When the world explodes into chaos, my instincts send me inward; so I’ve been quiet here for the last couple of weeks. As self-centered as I am, I don’t believe in the power of a single voice in a din of pain and outrage, so when everyone shouts the obvious thing — that Black people are flesh and blood, heart and soul, worthy of humanity — I fall back and let them.

There isn’t much more to add.

Except.

I have a pragmatic voice in my head that demands I see the world as it is and that voice confirmed long ago that the world is a terrible place. There are bright spots, for sure. Kindness and generosity and love and unity and beauty and comfort, but they’re interruptions in an otherwise dark and cruel existence.

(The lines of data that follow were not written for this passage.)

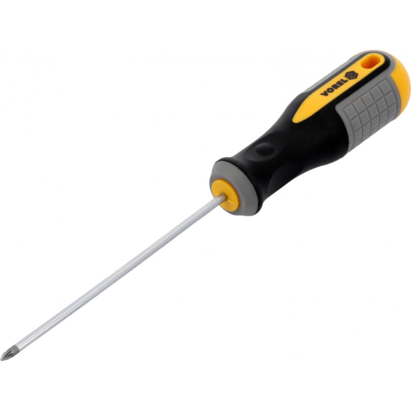Krusta skrūvgriezis PZ0x100 mm no Vorel 60932. Izgatavots no CrV hroma-vanādija tērauda. Galva ir ar satīna apdari, papildus smilšstrūklota un namagnetizēta, kas nodrošina drošu skrūves turēšanu. Rokturi veidoti no divām kompozītmateriālu plastmasām. Roktura caurums ļauj skrūvgriezi pakārt. Indekss: 60932
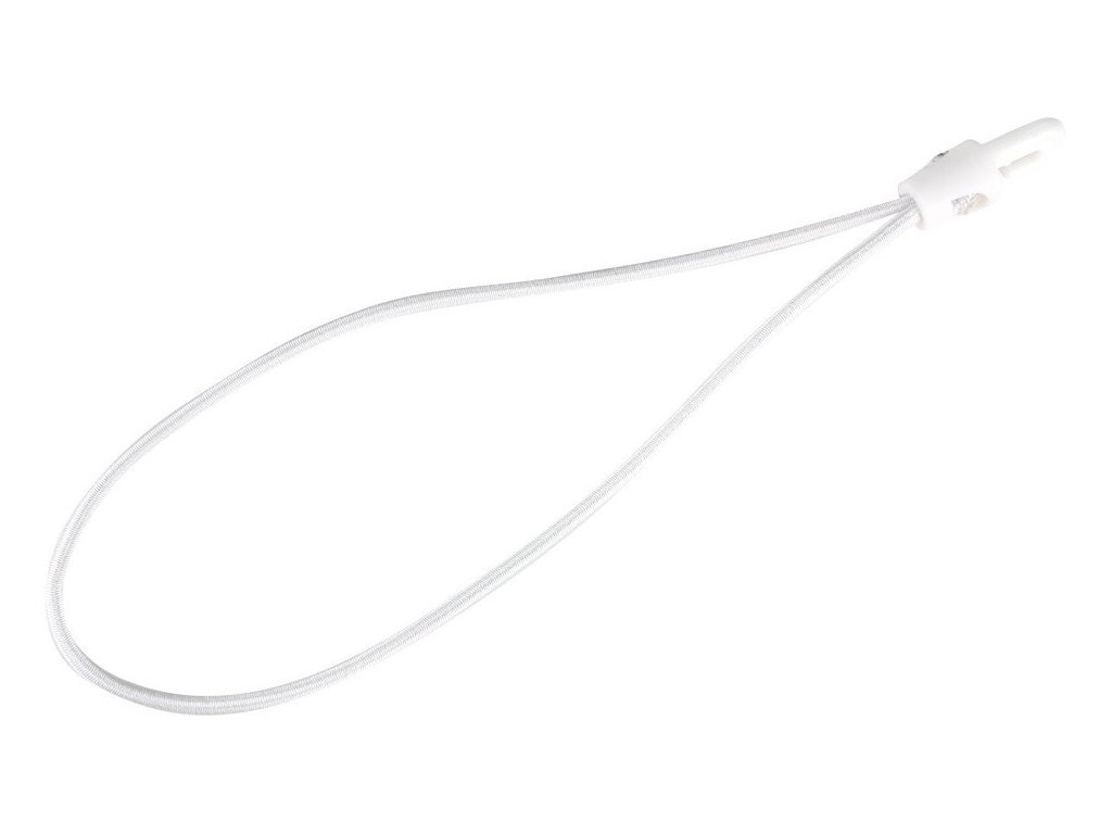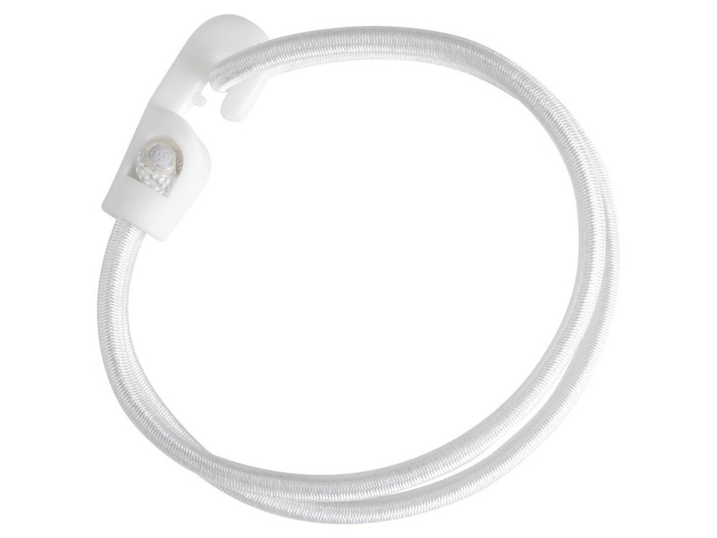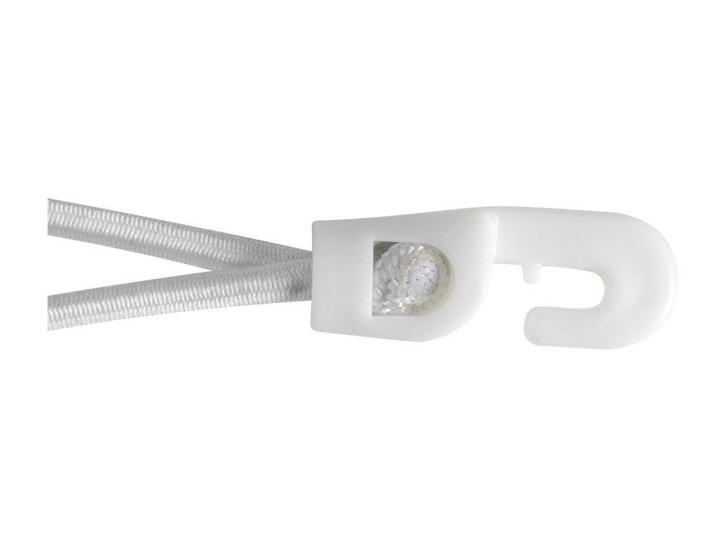 Linka bungee Spannfix z plastikowym haczykiem w kolorze białym.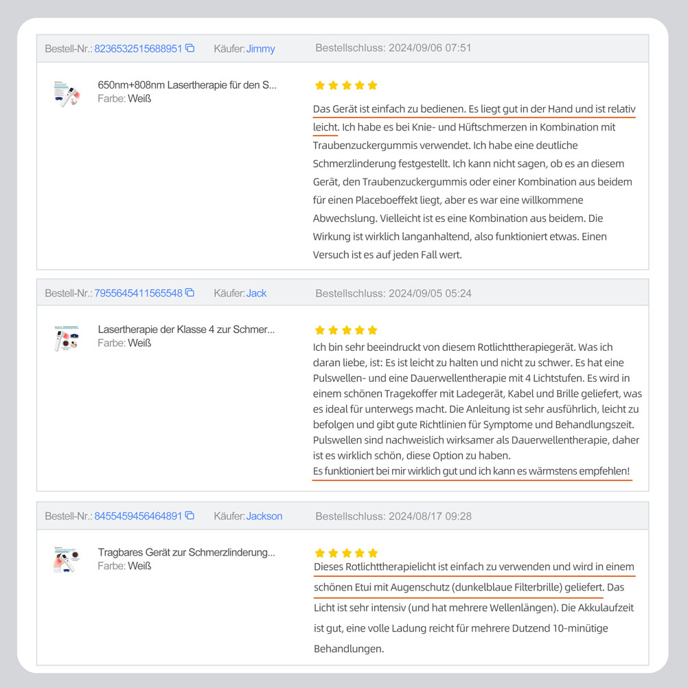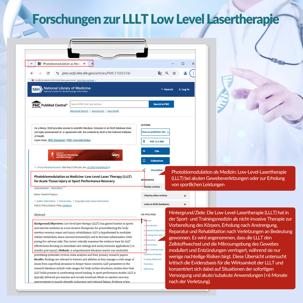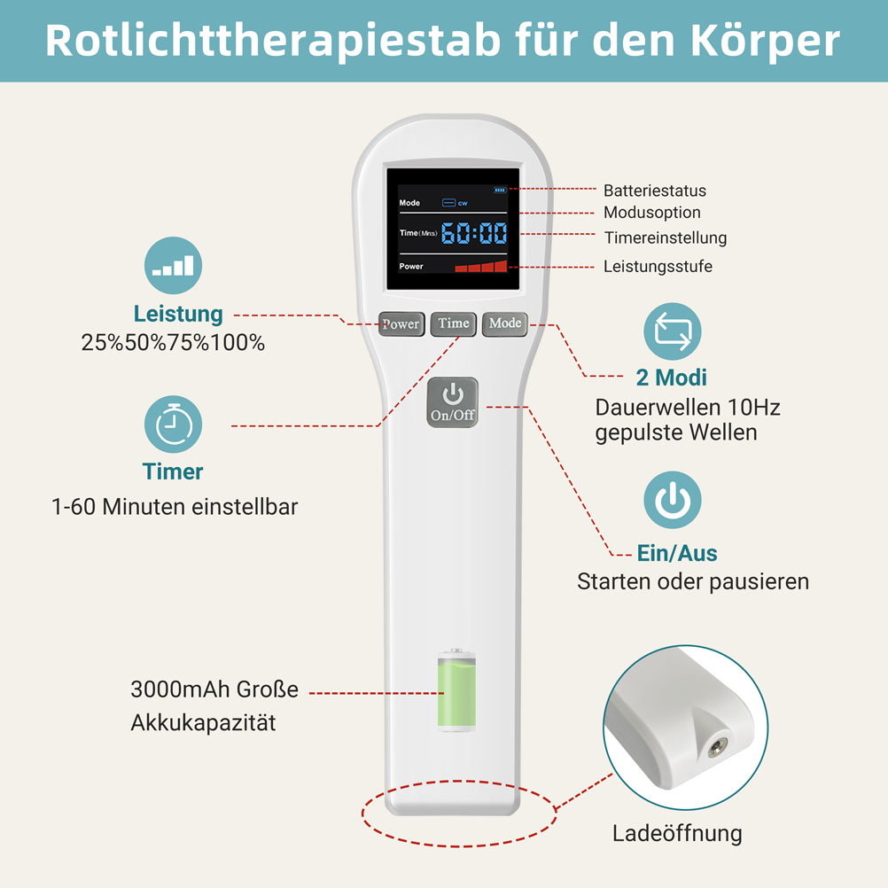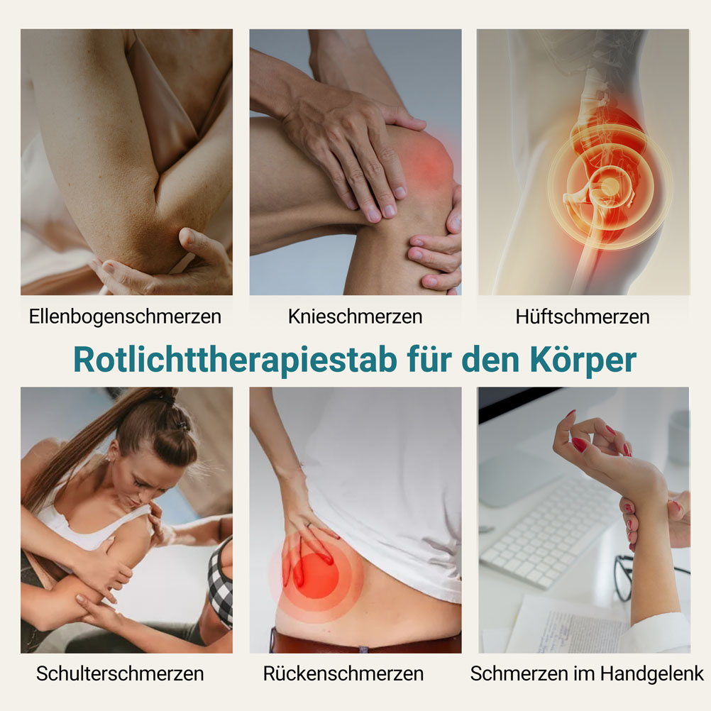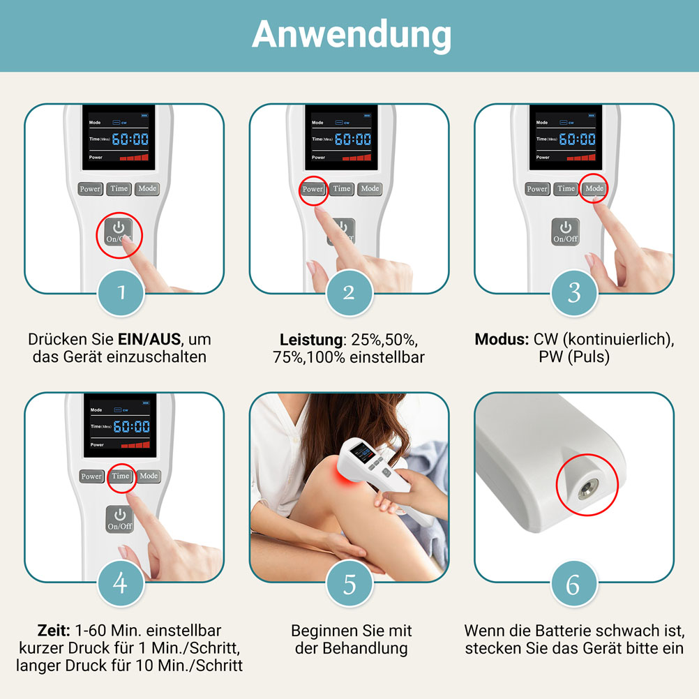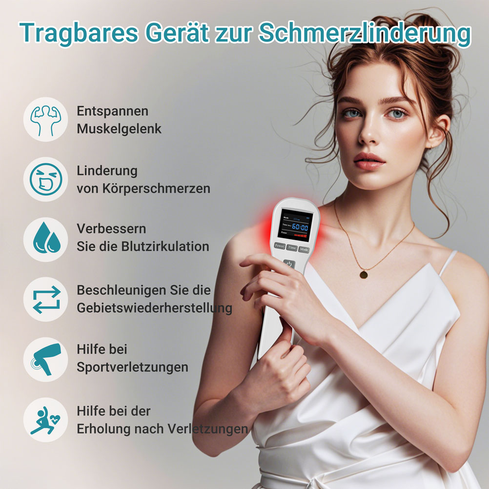 Die vom Gerät abgegebenen Lichtphotonen helfen bei der Schmerzlinderung und fördern die natürliche Heilung des Körpers. Entzündungen werden ebenfalls reduziert.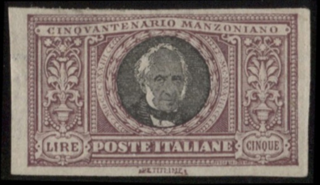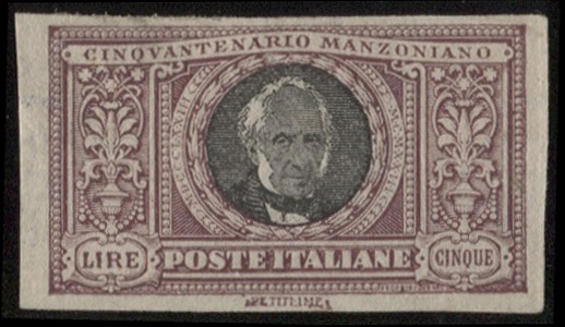 1923 Regno - Manzoni 5 lire non dentellato con buoni margini - cert- Diena - (156d)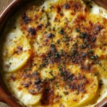Un gratin réconfortant de pommes de terre fondantes, nappé d’une crème onctueuse et rehaussé de moutarde, parfait pour toute occasion.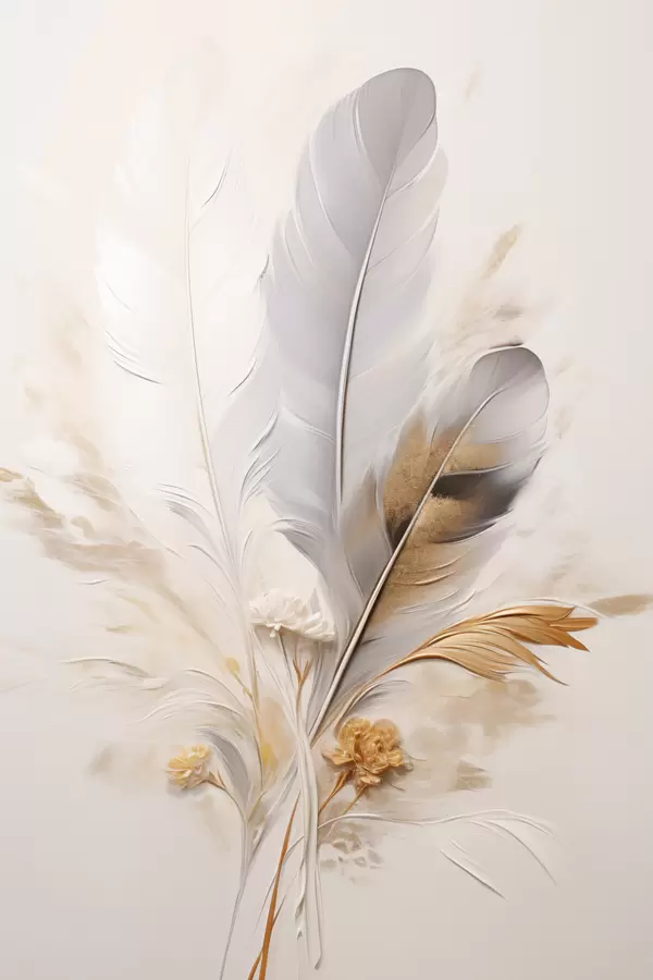 Plakatas Abstrakčios plunksnos, apsuptos smėlio ir rudos spalvos plunksnų, švelnios ir subtilios, ant šviesiai smėlio spalvos fono. Ne f46712

It’s why I have the title of the Langston Hughes poem Life is Fine tattooed on my wrist; as a reminder that all over the world, beauty and terror co-exist so life is never all shit or all roses. It just… is.

So the current state of the world doesn’t jar me. I know how that sounds, but I promised I’d stop being ashamed of my truth, so there it is. I am watching it all with detached curiosity.

Yes. History shows that things fall apart. Who are we to believe we’re exempt?

Then, the Weeks Blurred

The weeks following my great-aunt’s passing were startling in their ordinariness.

Or maybe turning back to the ordinary is how I cope. With no service to attend and no further instruction from my family members down south, I wiped my tears and turned my mind toward my controllables.

And life, as it always seems to, went on.

There were new, four-day workweeks; a trend I hope stays in place should I still have a job in the New Normal.

I went on 30-minute, ~two-mile walks every day for seven days straight. Rain or shine.

I experienced an insane ovulation week in my monthly cycle. I received detailed, dirty prose via text and slinked around my apartment like a panting cat in heat, cataloging all the hard surfaces I’ve yet to christen since moving in last year. Dining room table, kitchen counter, a few walls, and doors. That week deserves its own post, but I’m too prudish to dedicate an entire entry to going cross-eyed with desire or the uptick in what’s already a pretty robust solo sex life. I’ll just admit that I consumed a lot of trashy romance audiobooks and will seriously consider inviting a guest into my Party of One when we’re allowed to be around people again.

I joined the rest of the Black Internet in discussing the legacies of Teddy Riley and Kenny “Babyface” Edmonds. And listened to a five-hour Jimmy Jam interview where he told a hilarious story about Prince driving by his house and tossing Janet’s Control CD out of his car window shortly after the album was released.

On the advice of a friend who recommended I reacquaint myself with my mirrors, I came home from work one day and slipped on a little black dress. It was purchased years ago, by a version of myself who could just slip on an LBD, swipe on a red lip, and step out without a second thought. Before anxieties about lines on my face and subtle dimples showing through fabric and lack of desire to “beat my face” bludgeoned my once-towering self-regard into oblivion.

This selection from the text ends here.